The voltage scaling approaches currently in use are running out of steam. The shrinkage of the supply voltage with newer process technologies reduces the gains that are possible.
An approach we have taken to address this is reconfigurable microarchitectures. When you design a microarchitecture for peak performance or nominal voltage, it will not be particularly energy efficient when you scale down the voltage. The balance between dynamic energy, leakage energy and clocking energy will be far from optimal. With reconfigurable microarchitectures, we can introduce an uncommonly high level of flexibility at the microarchitectural level while still using classical commercial EDA tools and existing design flows.
Having access to the Arm IP has been great for us in terms of research. We have used it to develop systems with extremely wide energy performance ranges.
Another approach is approximate computing, where we reduce the design margin in a controlled manner. You then detect and fix in hardware any faults that occur, instead of heedlessly going for the worst-case design margin. Which in any recent technology node is a very substantial fraction of the timing requirements. We have expanded this concept into memories and networks on chip.
AI models are very robust against noise and occasional faults. For such systems, it is not always necessary to maintain the traditional design margins – which are very expensive in terms of performance and energy efficiency.
Instead, allowing, detecting, and adapting to runtime faults led us to develop the first energy- and quality- scalable network-on-chip that is able to achieve best-in-class energy efficiency of about 6 femtojoules per bit per millimeter. That is state of the art and is comparable to other work in 16 nanometer finfet. But we achieved it on a 28nm process which is 2 generations older.

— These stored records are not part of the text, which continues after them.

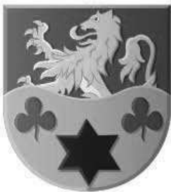
Wapen van Huizum
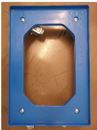
Transportroller RO 64 GU FE

2 x Mehrwegbehälter mit Deckel MBD 6442, 1 x Mehrwegbehälter MBD 6427, 1 x Transportroller RO 64 GU FE (Auer Packaging)
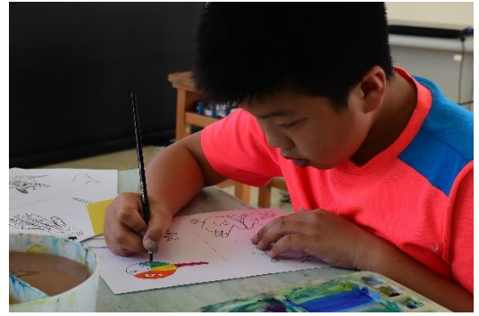
學生認真繪畫的樣子。
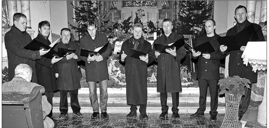
Člani okteta Žetev so zapeli nekaj božični pesmi tudi v angleškem jeziku.
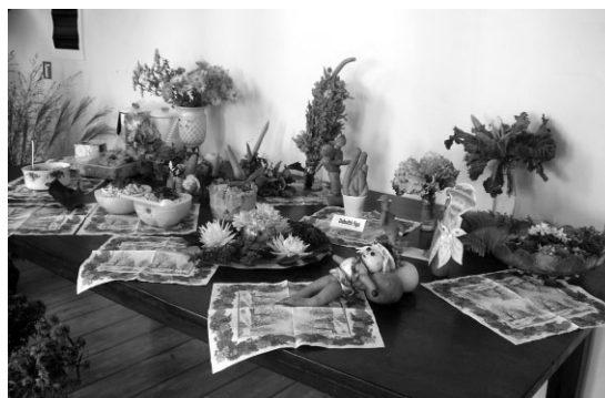
Interesantie eksponāti no pašu izaudzētās ražas

Oktobrī novada autobuss pensionārus aizvīzina uz Mālpili, kur noskatījāmies Dailes teātra izrādi "Izvirtulis." Novembrī
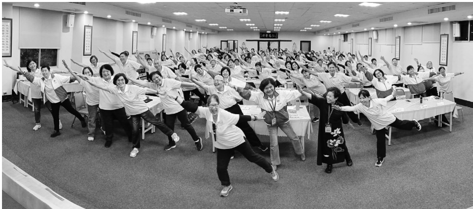
佛光山慈悲社會福利基金會落實慈善方便法門，舉辦「2023年佛光友愛服務隊在職訓練」，引導隊員增上關懷長者技能。

總而言之，太虛大師和星雲大師的觀點共同強調了人間佛教的實踐重要性，提倡在當下的生活中實現菩薩道，以慈悲和智慧來護念眾生。人間佛教不只是追求個人的精神解脫，而是建立在對當前
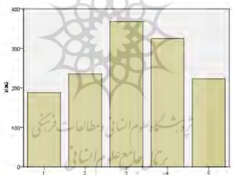
نمودار ۲. بافت‌نگار آرای مخاطبان به تأثیر تلفظ‌پذیری در تکرار نویسه

همچنین، در نمودار ۲ میزان آرای مخاطبان به تأثیر تلفظ‌پذیری تکرار نویسه‌ها در نام‌های تجاری و جملات تبلیغی بر اساس طیف لیکرت با مقیاس ۱ تا ۵ آورده شده است. همان‌طور که مشاهده می‌شود، فرضیه تأثیر تلفظ‌پذیری تکرار نویسه در نام‌های تجاری و جملات تبلیغی در تأثیر بر مخاطب تأیید می‌شود.
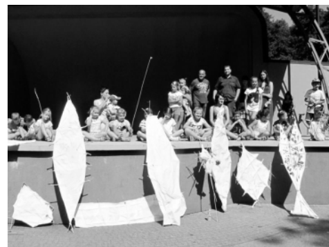
Zbiorowa wystawa RSTK w Galerii "Pod Muzam", Chrzanów, marzec 2016 r.
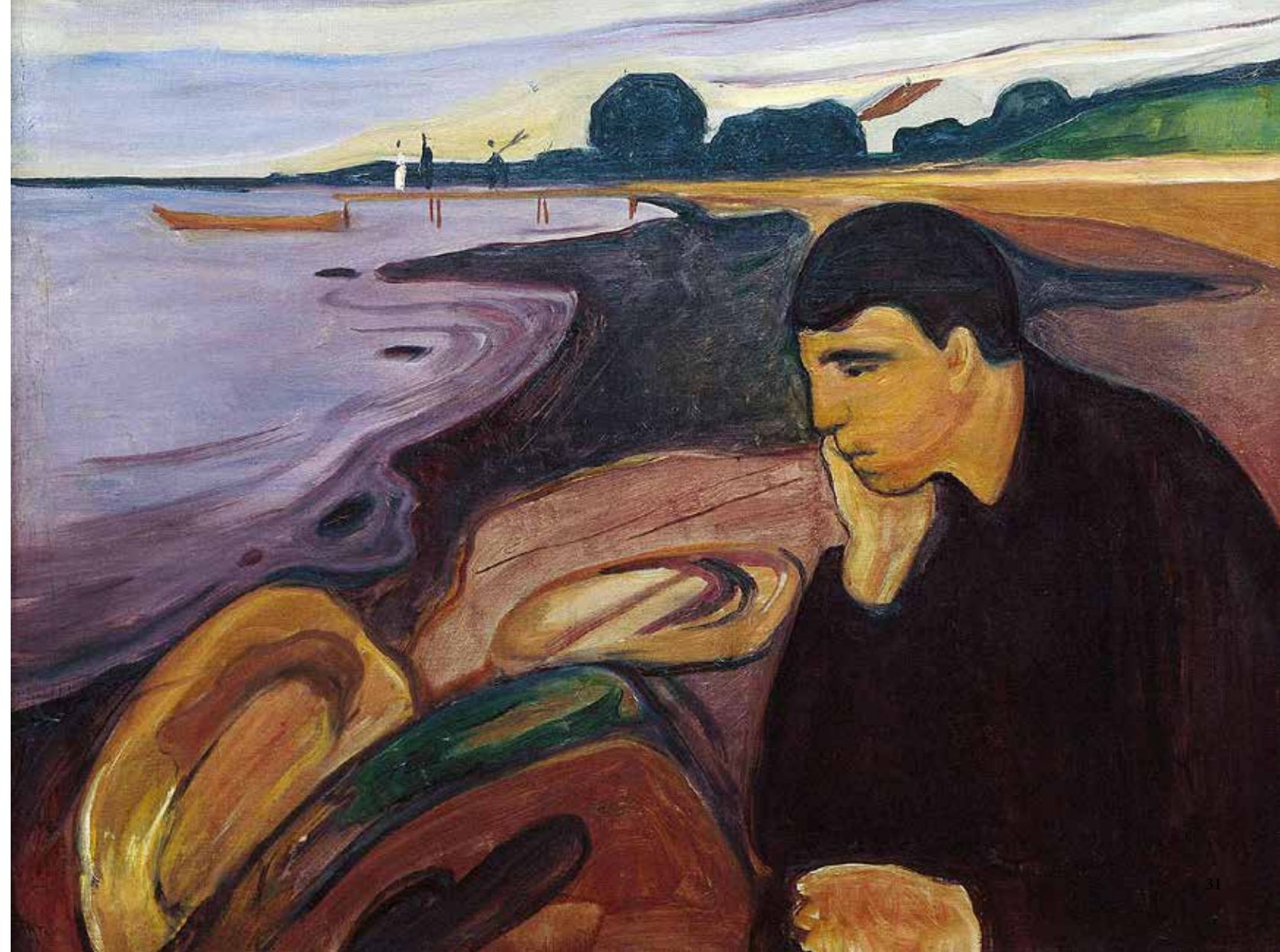
Mélancolie 1894-1896 Norvège, Bergen

We apply these techniques to complete systems, not just processors. We look at sensor interfaces, system power management, and extremely low power radio frequency communications – mostly backscattered radios.
Once we have solved extreme energy scalability, the next focus is to eliminate batteries. As we scale up to trillions of devices, it will be impossible to embed a trillion batteries in them. Replacing a $20 battery in a trillion devices every 5 years would cost $4 trillion. That is equivalent to the fourth-largest economy globally by GDP. It would also require too many raw materials, and the disposal would have an enormous impact on the environment.
The key challenge in eliminating batteries is to design systems with extremely low peak power consumption. You have no energy storage so you cannot average over time. You must ensure that your peak power is within the envelope that the harvester provides. We have had to scale all the subsystems of a typical sensor node, from sensor interface all the way down to communications.
Even the memory must scale in power. We achieve this by creating a hierarchy of memories with different power needs. From latch memory to small SRAMs and at the upper end of the scale, perhaps even a non-volatile storage.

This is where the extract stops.